Work to be completed: Give the data again exactly as written, without any of its pictures.

Source data:
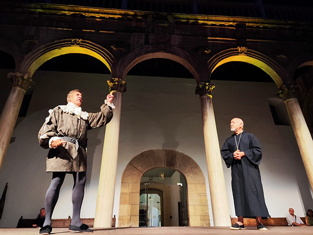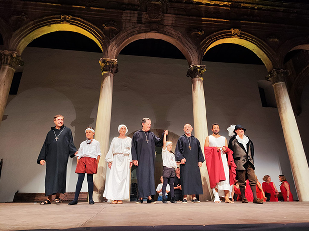 Llegó el 3 de julio de 2024, y con él, el espectáculo teatral y musical ‘Clemencia y Coraje’ conmemorando el incendio que se produjo el 3 de julio de 1549 en el Hospital Real de Granada, hace 475 años, en cuya extinción y salvación de enfermos colaboró San Juan de Dios.
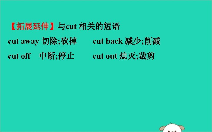 ②你能帮助我把这些肉切碎吗? cut up Can you help me ___the meat ___. ③你最好切断水源。 cut ___ off the water supply. You’d better____
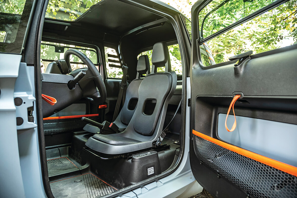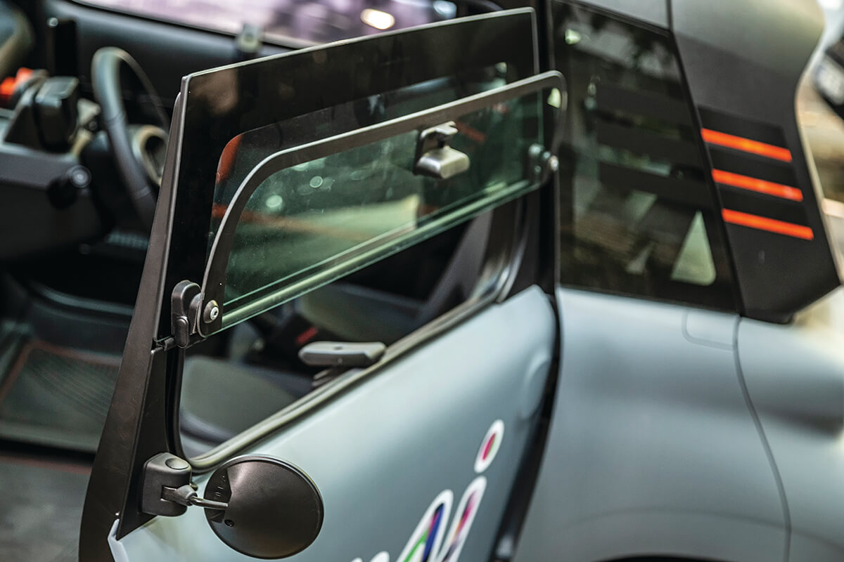 Suprafața vitrată e imensă și permite luminii să pătrundă la interior. Senzația virtuală de spațiu aproape că te copleșește. Dar, vara, în blocaje, o să transpiri, pentru că efectul de seră e puternic, ventilația suflă încet și numai pe la baza parbrizului, iar geamurile pivotează în sus de la jumătate, ca la Citroën 2CV, deci nu se face prea mult curent. Ai buzunare în uși, ai suporturi de telefon și pahare, dar n-ai sistem de sunet, așa că vii de-acasă cu boxa portabilă, dacă vrei să asculți muzică. Poți s-o și încarci la mufa USB.
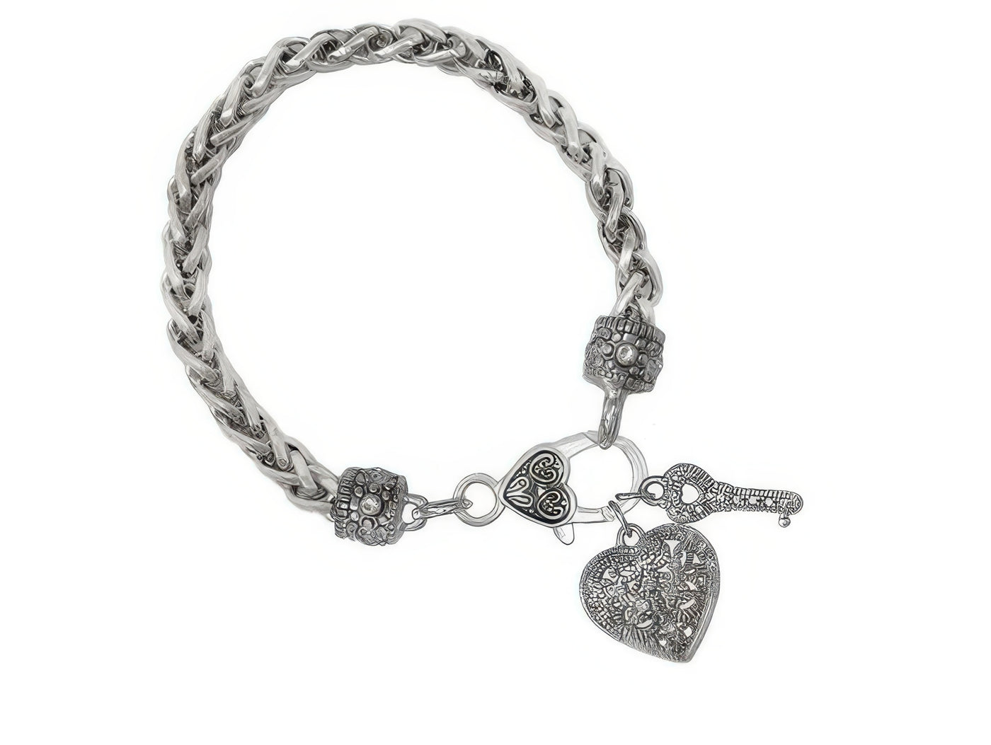 Product Description: This romantic charm bracelet pairs a filigree heart with a key charm, symbolizing love and connection. Finished in oxidized silver-tone metal, it features vintage-inspired detailing with a delicate chain silhouette. Whether for a special occasion or everyday charm, this piece brings timeless elegance to your jewelry rotation. The lobster clasp closure ensures a comfortable and secure fit. An ideal gift for anniversaries, date nights, or heartfelt moments.

Completed task:
 Llegó el 3 de julio de 2024, y con él, el espectáculo teatral y musical ‘Clemencia y Coraje’ conmemorando el incendio que se produjo el 3 de julio de 1549 en el Hospital Real de Granada, hace 475 años, en cuya extinción y salvación de enfermos colaboró San Juan de Dios.
 ②你能帮助我把这些肉切碎吗? cut up Can you help me ___the meat ___. ③你最好切断水源。 cut ___ off the water supply. You’d better____
 Suprafața vitrată e imensă și permite luminii să pătrundă la interior. Senzația virtuală de spațiu aproape că te copleșește. Dar, vara, în blocaje, o să transpiri, pentru că efectul de seră e puternic, ventilația suflă încet și numai pe la baza parbrizului, iar geamurile pivotează în sus de la jumătate, ca la Citroën 2CV, deci nu se face prea mult curent. Ai buzunare în uși, ai suporturi de telefon și pahare, dar n-ai sistem de sunet, așa că vii de-acasă cu boxa portabilă, dacă vrei să asculți muzică. Poți s-o și încarci la mufa USB.
 Product Description: This romantic charm bracelet pairs a filigree heart with a key charm, symbolizing love and connection. Finished in oxidized silver-tone metal, it features vintage-inspired detailing with a delicate chain silhouette. Whether for a special occasion or everyday charm, this piece brings timeless elegance to your jewelry rotation. The lobster clasp closure ensures a comfortable and secure fit. An ideal gift for anniversaries, date nights, or heartfelt moments.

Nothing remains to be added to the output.